Die wichtigsten physikalischen Eigenschaften von Dioxan sind in Tabelle 1 aufgeführt.
Eigenschaft | Wert |
---|---|
Molekulargewicht | 88,11 g/mol |
Siedepunkt | 101,3 °C |
Gefrierpunkt | 11,8 °C |
Dichte | 1,0356 g/cm3 |
Latente Verdampfungswärme | 413 kJ/kg |
Fusionswärme | 141 kJ/kg |
Spezifische Wärme (20 °C) | 1,76 kJ kg-1 K-1 |
Brechungsindex | 1.4224 |
Dampfdruck (20 °C) | 4,13 kPa (41,3 mbar) |
Dielektrizitätskonstante (20 °C) | 2.23 |
Oberflächenspannung (20 °C) | 36,9 mN/m |
Kritische Temperatur | 312 °C |
Kritischer Druck | 5,14 MPa |
Flammpunkt (geschlossener Tiegel) | 11 °C |
Entzündungsgrenzen (in der Luft) |
Unterer Teil: 2 Vol. % Obermaterial: 22 Vol % |
Verbrennungswärme | 27.600 kJ/kg |
Selbstentzündungstemperatur | 180 °C |
Dioxan bildet mit vielen Lösungsmitteln azeotrope Gemische. Gängige Beispiele sind in Tabelle 2 aufgeführt.
Komponente | Komponente bp, °C | Dioxan, Gew.-% | Azeotroper Siedepunkt, °C |
---|---|---|---|
Ameisensäure | 100,7 | 57 | 113,35 |
Nitromethan | 100,8 | 43,5 | 100,55 |
Essigsäure | 117,9 | 20,5 – 23 | 119,4 |
Ethanol | 78,5 | 9.3 | 78,1 |
3-Iod-1-propen | 103 | 44 | 98,5 |
1-Propanol | 97,4 | 45 | 95,3 |
tert-Amylalkohol | 102,5* | 20 | 100,65 |
Cyclohexan | 80,7 | 24,6 | 79,5 |
Heptan | 98,4 | 44 | 91,85 |
Wasser | 100 | 82 | 87,8 |
* Bei 8 kPa |
2. Chemische Reaktionen von Dioxan
Ähnlich wie andere Ether bildet Dioxan an der Luft leicht Peroxide. Diese Peroxide sind oft hochexplosiv und instabil. Das gebildete primäre Peroxid ist 2-Hydroperoxy-1,4-dioxan (1), das sich zu Dioxanon (2) und Wasser zersetzt.
Die anschließende Hydrolyse führt zur Bildung von 2-(2-Hydroxyethoxy)essigsäure (3). Glücklicherweise begünstigt der Reaktionsweg die Bildung des Endprodukts und begrenzt die Peroxidkonzentration.

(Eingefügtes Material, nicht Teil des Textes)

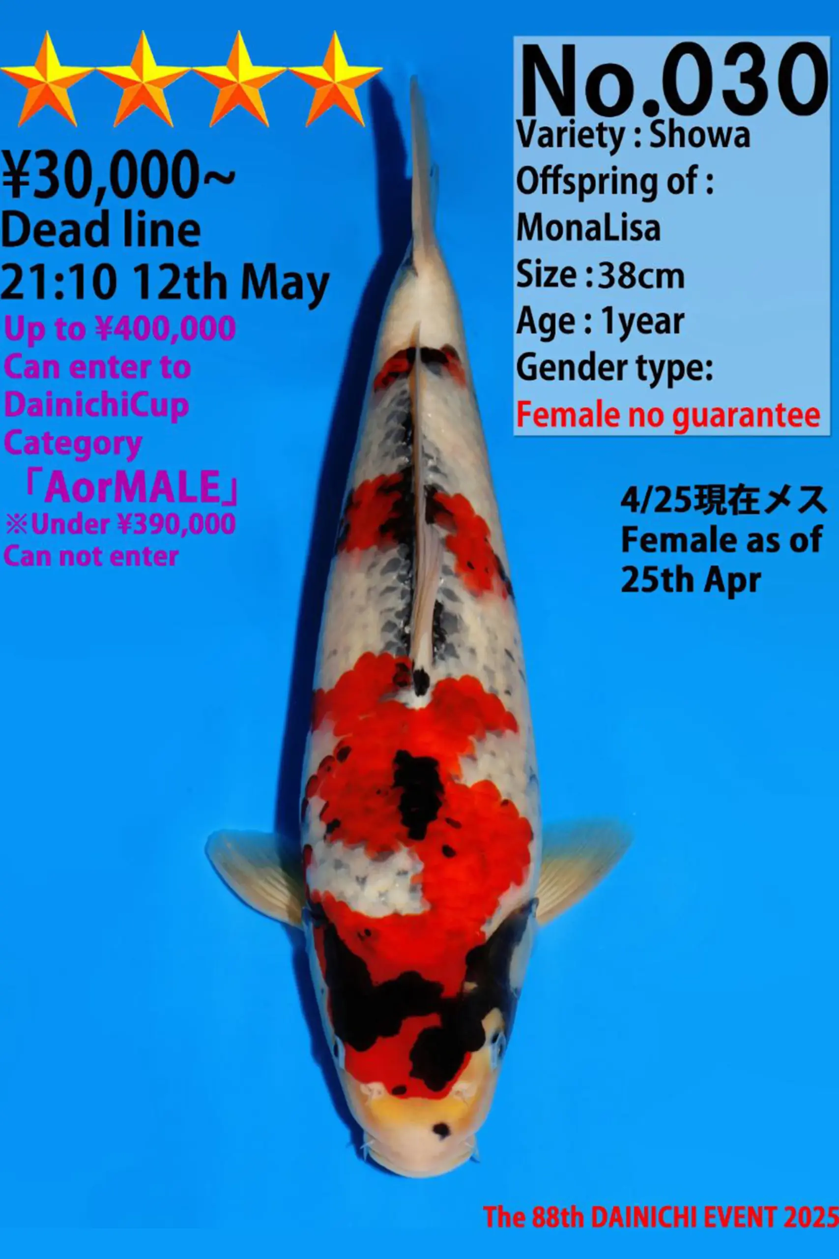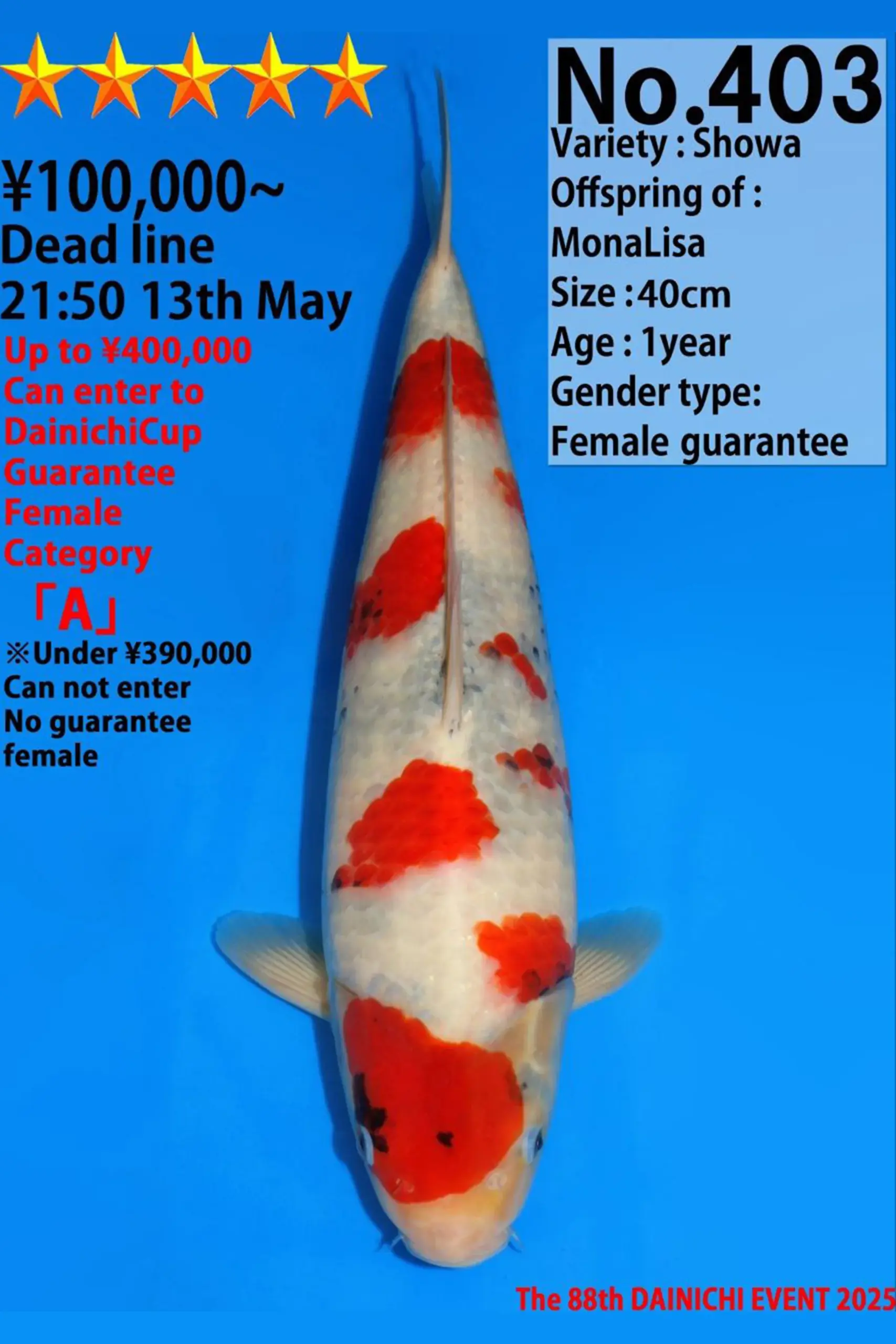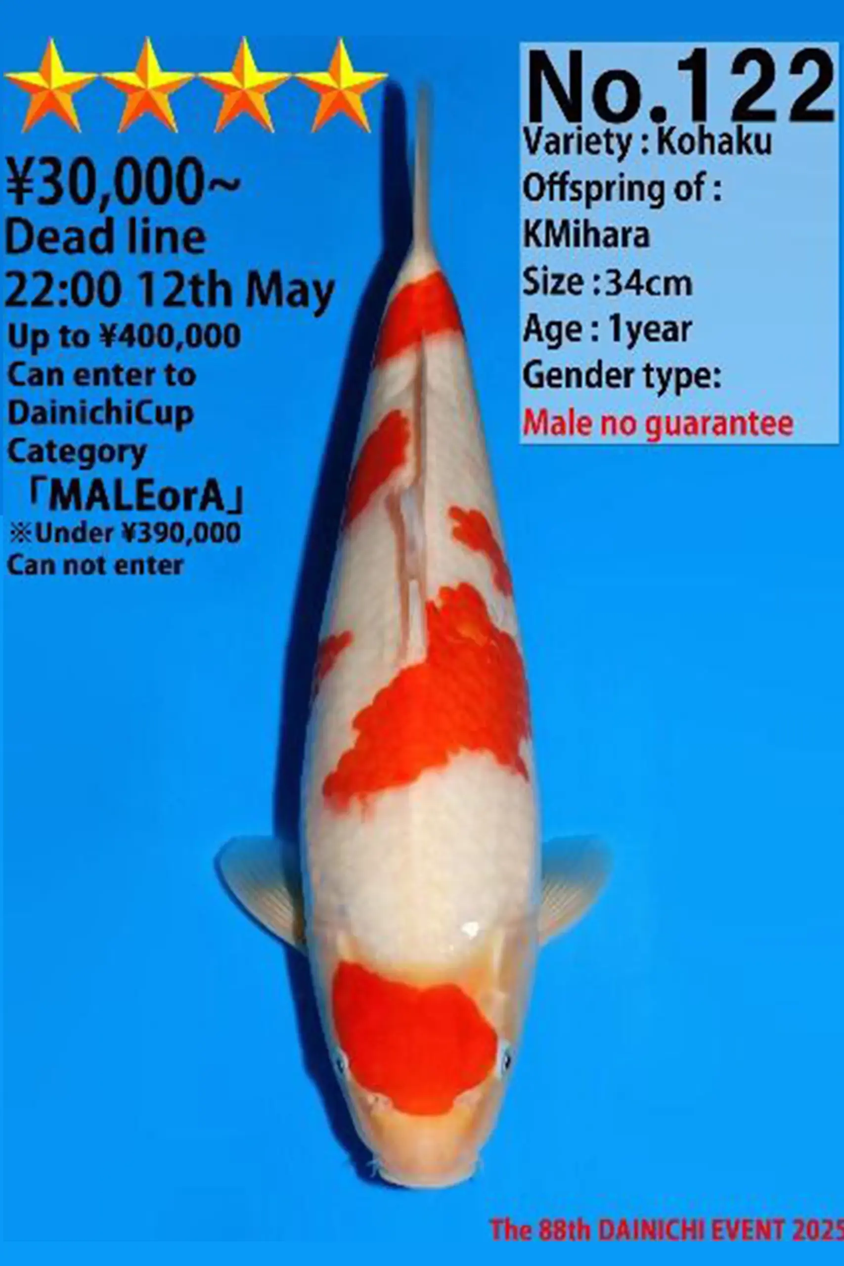เหมาะสำหรับนักสะสมตัวจริง, ผู้ที่ต้องการปลาคาร์ฟเพื่อส่งเข้าประกวดในสนามแข่งขันใหญ่ๆ อย่างจริงจัง หรือผู้ที่มองหาปลาคาร์ฟที่มีเพียงหนึ่งเดียวซึ่งมีทั้งคุณค่าทางใจและเป็นทรัพย์สินที่มีมูลค่าเพิ่มในอนาคตครับ

Dennoch erfordert der Umgang mit Dioxan die gleichen Vorsichtsmaßnahmen wie bei anderen Ethern, um die Bildung von Peroxiden zu verhindern. Das Durchblasen von Inertgas, typischerweise mit Stickstoff, wird empfohlen. Außerdem sollten Peroxide niemals konzentriert oder bis zur Trockne destilliert werden.
Etablierte Methoden zu ihrer Entfernung nutzen Reduktionsmittel wie Eisen(II)- oder Zinn(II)-chloride, Natriumbisulfit oder adsorbierende Materialien wie Aktivkohle, Aluminiumoxid oder Anionenaustauscherharze.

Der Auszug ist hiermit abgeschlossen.